Jamie Cox, the Australia selector, says there is still a definite place for spinners in the modern game, but he is unsure what it is

Cricinfo staff
15-Mar-2009

Marcus North is the latest spinner to be employed by Australia © Getty Images
 
Jamie Cox, the Australia selector, says there is still a definite place for spinners in the modern game, but he is unsure what it is. The current slow-bowling tendency in the national team is to use part-timers such as Marcus North and Michael Clarke, and Cox, the former Tasmania opener, said the landscape had altered since he retired in 2006.
"The game for a spin bowler has changed, and changed really fast," Cox said in the Sunday Herald Sun. "There's still a definite role for them, but what is it? Is it the traditional role of slow spin to negate or is it just staying in the contest, getting into the contest by bowling lots of lots of balls and doing the team thing?"

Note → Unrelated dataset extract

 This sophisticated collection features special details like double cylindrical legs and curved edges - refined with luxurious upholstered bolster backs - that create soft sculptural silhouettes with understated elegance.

Australia have used the specialists Beau Casson, Jason Krejza, Nathan Hauritz and Cameron White, along with North, Clarke, Simon Katich and Andrew Symonds since Stuart MacGill retired last year. Bryce McGain is currently in South Africa but neither he nor Hauritz have been used in the opening two Tests.
Cox said a good spinner in Australia would get two or three opportunities in a whole season on a surface that suited them. "It's a very different landscape and we [the national selectors] are getting bashed from pillar to post over it," Cox said.
"But you look at what happens in Perth this year, Brisbane and Bellerive … all the wickets are falling to seam bowlers and batting averages are way down. In the space of five years it's become a completely redefined role and a really tough one."